The funny thing about this discussion is I was so hyper aware of how my kids we affecting anyone around them. I taught them at a very early age to not get in anyone’s way and to keep their voices down in public. My daughter is in the service industry and kids me about how tough I was with them in public but now she is hyper aware of obnoxious kids and the parents that let them get away with it. You would have no reason to be upset with my kids.

Does your daughter think it ever appropriate for her - or anyone other than the obnoxious kids’ parents - to say anything to those kids? The obnoxious kids’ parents are either not present or not making the effort you made with your kids. Instead of commenting on obnoxious behavior when it is happening, I’m supposed to make the effort to identify the parents (if not clearly obvious) and figure out when/how to approach them?

Why would it be inappropriate for an adult to tell an uninjured screaming kid, “You are disturbing your neighbors.”? Or when walking down a sidewalk to tell a kid riding a bike on the sidewalk, “You should make way for pedestrians (or at least share the sidewalk.)”? If your kids were violating your self-imposed rules in public (which I guarantee they did at least on occasion), any adults had to just grin and bear it?

Hell - if your kid comes home and says a neighbor told them to quit yelling, you can either tell the kid the neighbor is a crank and ignore them, tell the kid to keep it down - at least around that neighbor, or go out and confront the neighbor.

The obnoxious kids’ parents are either not present or not making the effort you made with your kids. Instead of commenting on obnoxious behavior when it is happening, I’m supposed to make the effort to identify the parents (if not clearly obvious) and figure out when/how to approach them?

I wager your kids were not (often) doing the sorts of behaviors some of us consider problematic. What we are describing are (for lack of a better word) inconsiderate parents raising inconsiderate kids to be inconsiderate adults.

We aren’t taking about strangers, we are talking about the next door neighbor. Someone your screaming child is interacting with every day.

“Are you okay?”

Or

"Excuse me, I’m trying to read and you are talking so loudly that it’s hard for me "

Aren’t threats. I wouldn’t say the first if the parents were present, but i would if a kid was screaming, “MOM, MOM, MOM” to no response. I would say the second even if the parents are there. The child is part of society, and it feels rude and inappropriate to talk about the child to the parent instead of taking directly to the child.

I’m slightly older than you, and i wasn’t taught not to talk to strangers. I was taught not to accept candy from strangers, not to follow strangers, not to accept rides from strangers… To be cautious of strangers. But that’s irrelevant, because the neighbors weren’t strangers.

What if they’re tormenting an animal?

Here’s that territoriality that I just don’t agree with. If your kid is doing something dangerous (climbing a rickety fence, hoverboarding down the middle of a busy street without a helmet while reading their phone), it’s better for a stranger to correct them than to hope you notice in time. And if my safety concerns are overblown–if you’re fine with your child climbing rickety fences–the harm is minuscule.
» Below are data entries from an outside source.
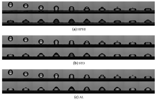 Figure 5 shows three sequences of frames obtained from the three high-speed videos of a drop falling on the HPHI surface, in Figure 5a, on the STD surface, in Figure 5b, and on the AL surface, in Figure 5c.
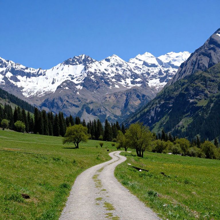 This is a vibrant photograph of a mountainous landscape. The foreground features a narrow, gravel path winding through lush, green meadows dotted with small trees. The midground showcases a dense forest, and the background is dominated by towering, snow-capped mountains under a bright blue sky. The image has a natural, crisp quality, emphasizing the contrast between the green meadows and the white snow.
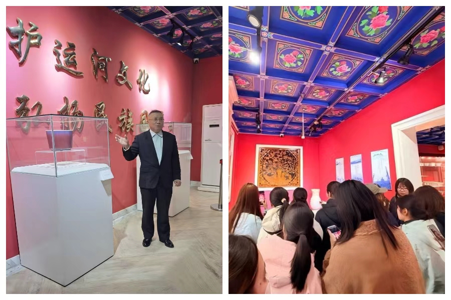 步入博物馆,红墙映照着鎏金标语"守护运河文化,弘扬民族国粹",浓厚的文化氛围扑面而来。博物馆馆长葛强亲自担任讲解员,带领同学们开启这场穿越时空的文化之旅。
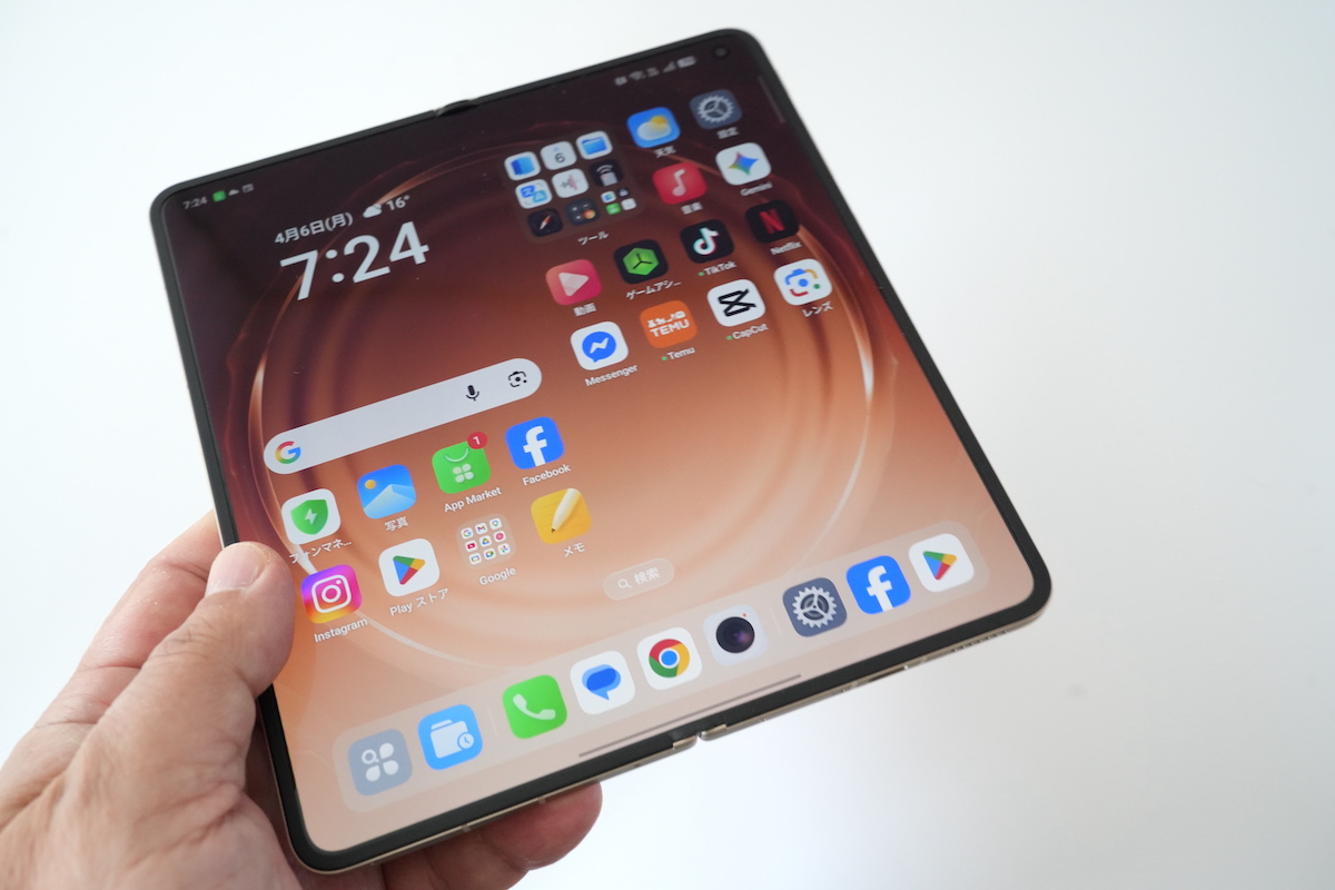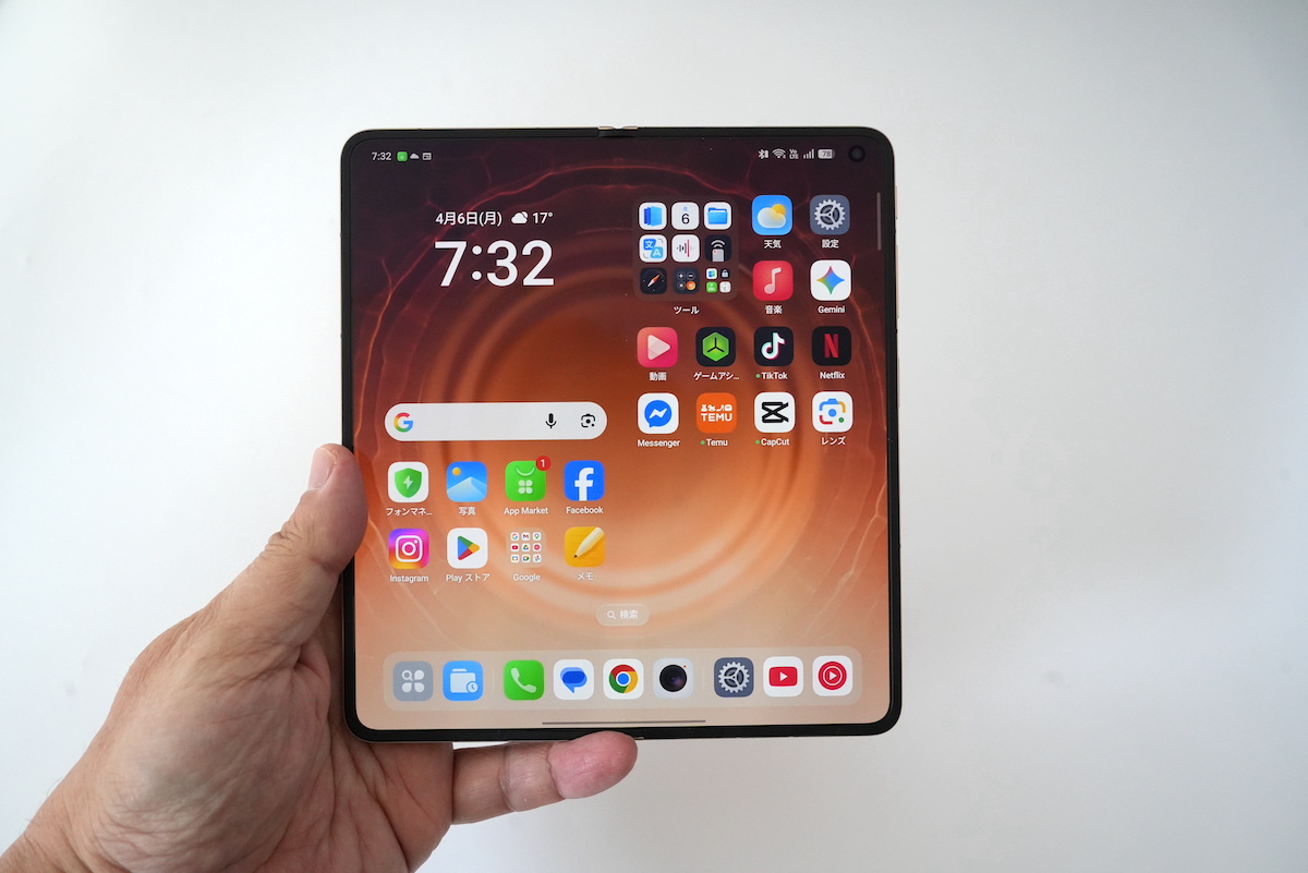 パカッと開くと約8.1インチの内側ディスプレイが現れます。折りたたみスマホのディスプレイは折り曲がる部分に凹みが生じるのですが、Find N6のディスプレイでは折り目が見えず、指でなでてもほぼフラット。この折り目が気にならないディスプレイを最大のセールスポイントとしています。

I would much rather a stranger overcorrect my child on a safety measure than undercorrect. Worst case, it’s a talk with my kid about how different people have different risk tolerances.

So, safety’s one end of things. Another is annoyance. If my kid is doing something that reasonably annoys a stranger, and the stranger lets them know in a calm, civil tone, where’s the harm? I genuinely don’t see it.

Of course it is, as long as their talk is appropriate. I’m reminded of Mark Twain:

If a cat sits on a hot stove, that cat won’t sit on a hot stove again. That cat won’t sit on a cold stove either.

Kids aren’t much smarter than cats, so we teach them a generic rule about strangers; but as parents, we can be smarter than cats.

I’m wondering if we have different hypotheticals in our minds. I’m talking about something like kids screaming angrily at each other in an adjacent yard, and me poking my head out and saying something like, “Hey, that’s really loud, can you quiet down a little?” Is that the sort of thing that would piss you off?

I’m very sensitive to loud noises so I’m extremely sympathetic, having had to deal with similar situations. I really depends on who you are dealing with and you have no way of knowing the outcome. But usually when it goes bad it just results in a cold stare, whatever. Sometimes they really are oblivious and have no way of knowing there is an issue unless you bring it up. I have a 50/50 batting average. Dog barking is a huge problem in my area and a whole topic in itself.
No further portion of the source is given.